Raspberry & mango yogurt parfaitNew Recipes

Need a quick, prep-ahead dessert? This raspberry and mango parfait is ideal. If you have any crumble mix leftover, you can eat it for breakfast the next day

  • Prep:15 mins
    Cook:15 mins
  • Serves 4
  • Easy

Nutrition per serving

  • kcal 658
  • fat 41g
  • saturates 12g
  • carbs 53g
  • sugars 0g
  • fibre 6g
  • protein 18g
  • salt 0.23g

Ingredients

  • 250g raspberries
  • 4 tbsp golden caster sugar
  • 1 lime , zested and juiced
  • 500g thick Greek yogurt
  • 130g can alphonso mango pulp
  • 60g porridge oats
  • 100g mixed nuts , roughly chopped
  • 50g mixed seeds
  • 1 tsp fennel seeds
  • 2 tbsp maple syrup
  • 2 tbsp vegetable oil

Method

  1. Start by making the oaty crumble. Heat the oven to 190C/170C/gas 5. In a small bowl, mix the oats, nuts, seeds and fennel seeds. Add a pinch of salt, then drizzle over the maple syrup and vegetable oil. Mix well, then spread out on a lined baking sheet. Bake for 12-15 mins until golden, leave to cool on the sheet, then break it up into chunky clusters. Will keep for two weeks in an airtight container.

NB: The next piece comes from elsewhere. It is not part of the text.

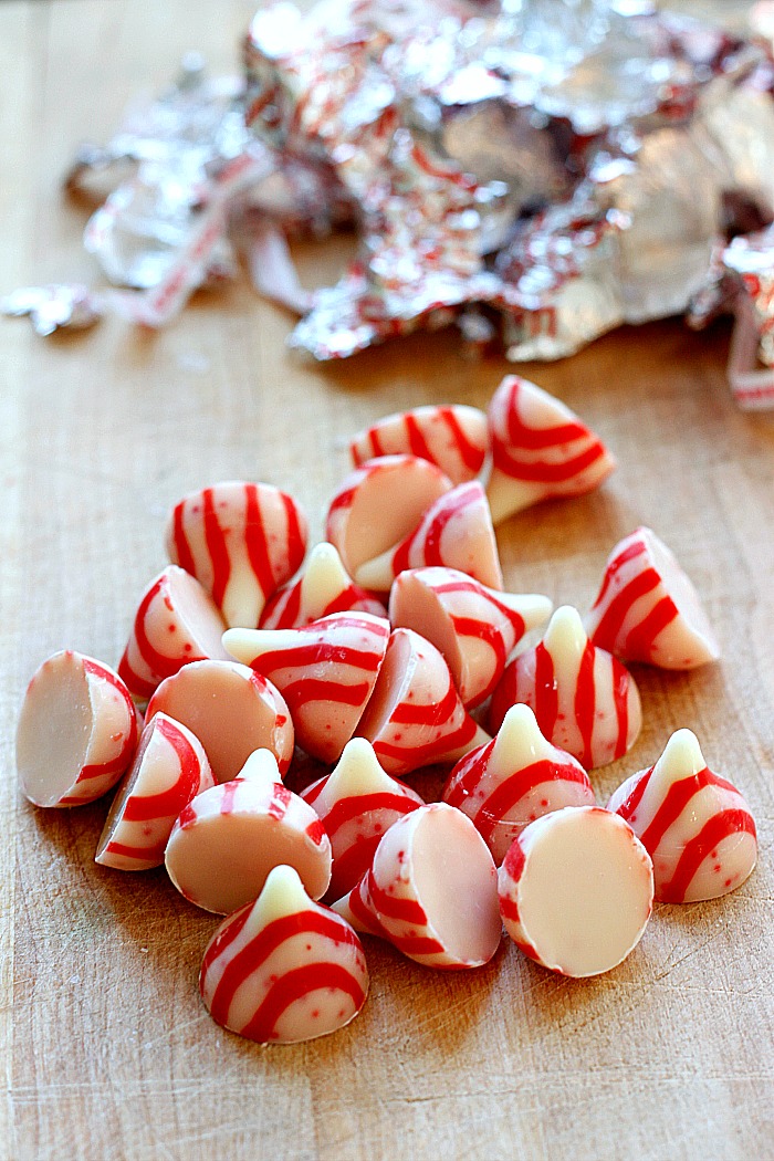 - 1 cup roughly chopped peppermint kisses (about 20-25 pieces)
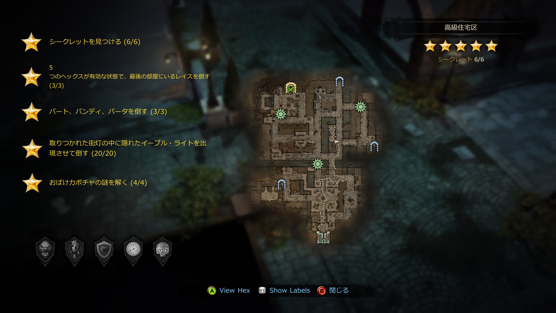 『5つのヘックスが有効な状態で、最後の部屋にいるレイスを倒す』が達成されます。

  2. Put the raspberries in a medium bowl and sprinkle over 2 tbsp of the caster sugar, half the lime juice and all the zest. Gently mash a few with a fork and leave to macerate while you prepare the rest of the dessert.

  3. Put the yogurt in a large bowl with the remaining 2 tbsp caster sugar, remaining lime juice and half the mango pulp. Whisk to combine.

  4. Spoon the mango yogurt, raspberries, oaty crumble and mango pulp into dessert bowls, jam jars or glasses to create layers (they don’t have to be too precise). Finish with a layer of raspberries and a sprinkling of oats. Will keep chilled for up to a day.